With his body, he could put off honesty.
“Gabe . . .” she whispered.
And he could almost admit to himself that those words were just his own lie to give himself permission to taste her again, to touch her again, to feel her warmth. Using his free hand, he brushed her hair away from her face. A strand was caught in the corner of her mouth, and he worked it free, seeing how her breath hitched at his gentle touch.
He was such an asshole, he thought to himself, as he gave up the struggle and leaned in to take her mouth.
She turned into his body and pressed closer as her lips opened to his invasion. He slid his tongue in her mouth and stroked it against hers, soft and sure, until he heard her moan. Then he couldn’t leave it soft anymore. Thrusting hard into the heated cavern of her mouth, he slid his hand along the indentation of her waist to her hip and then her rounded ass. She moaned again and he tucked her hips against his, grinding his cock against the cushioned mound of her sex.
At their feet, the fire crackled, and he could smell the smoke, but both were almost drowned by the sound of the blood rushing through his veins and the delicious fragrance of Cassandra, her lemony skin and her flowery hair.
He wanted to wrap himself in her and take them both away. Driven by the image, he inched up her sweater to bare the warm skin of her belly and then her breasts, her bra covering their abundance. His hand cupped one and squeezed with a gentle pressure and Cassandra bowed into his body and his touch, her mouth widening to take the deeper thrust of his tongue.
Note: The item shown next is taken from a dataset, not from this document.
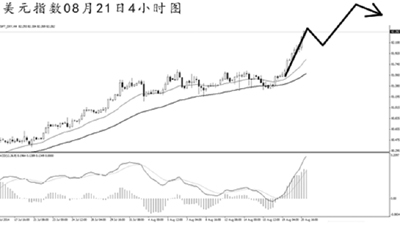 盡管耶倫此番在央行年會上的發(fā)言很有可能繼續(xù)“打太極”,但市場對美國經(jīng)濟的樂觀預(yù)期仍然在推高美元。美元指數(shù)經(jīng)過兩周的盤整再度強力沖高。從日線圖上看,價格連續(xù)收出實體陽線,多頭動能重新占據(jù)優(yōu)勢。上方強阻力在84.70,美元指數(shù)仍有較為廣闊的上漲空間。從4小時圖上看,MACD已經(jīng)進入到多頭動能充盈的階段,均線系統(tǒng)形成多頭排列。短線上漲斜率陡峭,預(yù)計美元指數(shù)小幅下調(diào)后仍然將以沖高走勢為主。

Then he left her lips to run his along her soft cheek, her slender neck, the pulse point that thrummed with excitement. They were both excited, aroused, and he couldn’t deny that it was only harder to resist her every time they got this close.
But he couldn’t worry about it, not when her skin was so hot and her little whimpers such a turn-on, not when she was chanting his name with such sweet desperation.
“Gabe.” Her breath hitched. “Please, Gabe.”
He caught her earlobe between his teeth and felt the bite of her fingernails in his scalp as he tugged. “Please, Gabe. Aren’t you listening to me?”
Aren’t you listening to me?
The question repeated in his head, jolting his conscience out of its sexual stupor. Lynn had always said those words.
Aren’t you listening to me?
Anger at himself poured through him, overriding the lust that he’d let drive his actions. He released Cassandra’s tender flesh and then yanked her tight against him, pushing her head into his neck. “Easy, baby,” he said, using his other hand to jerk down her sweater. “Easy. We’re taking this too far.”
“Gabe?” He heard the uncertainty and the thread of embarrassment in her voice and cursed himself again.